Automation in particular is on the rise. Organisations are looking to move away from manual processes which are prone to errors and make it difficult to keep pace with the speed at which modern IT environments change. Automating processes makes it easier to safeguard machine identities and secrets, and ensure the security and integrity of digital infrastructures.  

Integrating machine identities into the Zero Trust strategy

Machine identities and secrets management are essential components of a Zero Trust security strategy because they provide a means of authentication and secure communication between machines on a network. As organisations start building their Zero Trust roadmap, disclosing machine identities and secrets management in their identity governance policy and procedures contributes to boosting security.

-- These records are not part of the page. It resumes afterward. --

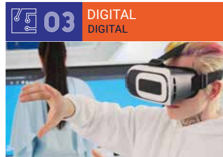
IT, Digital Tools & Technology ■ Informatique, Digital, Technologie
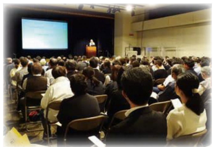
人権を考えるセミナー
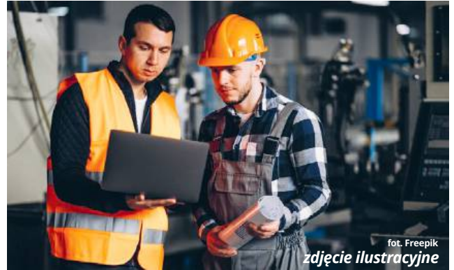
zdjęcie ilustracyjne

Kończy się już powoli dotychczasowy model finansowania samorządów lokalnych, które zachęcane są przez rządzących do tego, aby poszukiwać jednak coraz więcej źródeł dochodów i wpływów do budż-
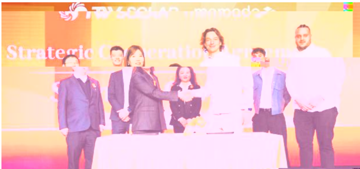
通威与德国 Memodo 集团签署 300MW 组件供货协议

!"#$%&' !"#$%&'()*+,- n.!"P3Q@ R@S= *+ @ L&@. . n 44.:; W!" : -Hl<-W #$ . D+ 7 <8 h. . P /O1? T $14 oP' \ UW . ! "H=>I.5sf gh! " oP' w +. . 2Y1? P! HOIhW Vz WXY! "H IPZLW +m /O Or52r_ +, - . ! " DV5PF$[ L&@P4. /nZ 3+xy.4 } O O1v \ Pr # ] 7N 5q6] \ + % & 7n@O.m\ #. ! " 67QR : 4. {t18 % P} f # $ 7 QR +W , 9ZP! " F$N : u^F$] _ ` . < akl O! +. _; <O = #4. v \ P " 7 N ' P N (S7 * > . } O! " W : # $ m K t \ K 4. ) j Ptu ur # P b s c d P 7 7y@. ? @ # 4. v \ P g C JT > . _ Z ^ 4. W cW QRd . O! " eU) P N . r b ? P] 5ef$! AB.D CP ) O! " f) 4QRU) P C Dz E! . F w GH y@W I ! "H=>I/ /Ox-J P #K9L. hy M' P hW w. ! " xg Q@ P . hDg. uOi ? QR Q@H Aorsl.kpq, u A : # $ 7 QR. orE! AbcdP l sf g. t 7 2 PvW $ . D+i z! " K n Z] PtuW ? i 8QRW uPF$m! + uP \ v w $ . \ /O. HOZ l PQ YmA! " Klx Pyz xg. \ R. D! " U FPb 6R7T _ - . ! " U FP6R7. 5< > . D! " M KL! A /O. ) O! " O1Ft{ } efn e \ z M2 POu Dg WPf PN U) y@W KPF$ < akl O! " ] N !" | } ~ Z d . W _ F ' Q P u R. yc u $ k p q , K ! hd. K - \ . h { ] @ P / t N T d " # $ Ft{ . Ft{ UzOy O1Vtj WPXY U yz 4% . & ' o() Z[W

This way, organisations have the power to ensure that only trusted machines are able to communicate on the network, and detect and prevent unauthorised access attempts.

So, when building out machine identities, there are at least four goals to aim for, the first one being greater visibility. Operating with limited visibility across the company’s environment makes the task of securing machine identities challenging and inefficient. That’s why a comprehensive secrets management and machine identity management policy is so important. It offers greater visibility into organisations’ network, allowing them to closely monitor and track managed and unmanaged secrets and machine activity.

The second key goal is improved security. Centralised management of secrets and machine identities is vital to build a comprehensive Zero Trust strategy. Functions like centralised rotation of secrets help eliminate the problem of hard-coded secrets and enable organisations to audit which applications and machines are using each secret.

Aiming for lower risk digital transformation enablement is also important. The dynamism of hybrid and multi-cloud environments and DevOps practices demands agile central management for secrets and machine identities. Integrating identity security automatically in CI/CD pipelines, for instance, ensures that identity integrity becomes an inherent part of the company’s development processes rather than just an afterthought. In other words, identities within the network are accurately verified and protected.

The final thing not to forget is the need to work towards improved operations efficiency. While automation tools are incredibly useful, native integrations with DevOps tools and the cloud provider’s built-in services lead to an even higher boost in efficiency. Overall, this helps increase developers’ adoption of secure coding practices, ultimately improving productivity and accelerating the deployment of new services more rapidly.

Ultimately, incorporating machine identities and secrets management into a Zero Trust strategy brings a lot of advantages. It gives organisations the chance to establish a more robust and secure network architecture and minimise costs associated with traditional security approaches, while reducing the time required to deploy new services. So, investing in tools and processes to manage these identities effectively will pay dividends by reducing risk and ultimately fortifying the company’s security posture in the face of an ever-changing threat landscape.

As organisations continue to adopt Zero Trust, business leaders must keep in mind that machine identities play a pivotal role in digital environments – and this is why an efficient overall security strategy accounts for them. 

Securely navigating the digital era

As organisations navigate the complex landscape of digital security, safeguarding machine identities emerges as a critical pillar of effective Zero Trust security measures. A comprehensive machine identity management policy can be a game changer for organisations, empowering them to secure their networks and protect against cyber threats in a more efficient way, while simultaneously mitigating risks and fortifying their security posture

Today’s organisations need to be able to navigate the complexities of the digital age with confidence. Diligently verifying identities can help them do that. Systematically overseeing machine identities and secrets, and leveraging threat analytics to detect and address potential abuses, promise to improve their cyber defences, and allow them to securely embrace the future.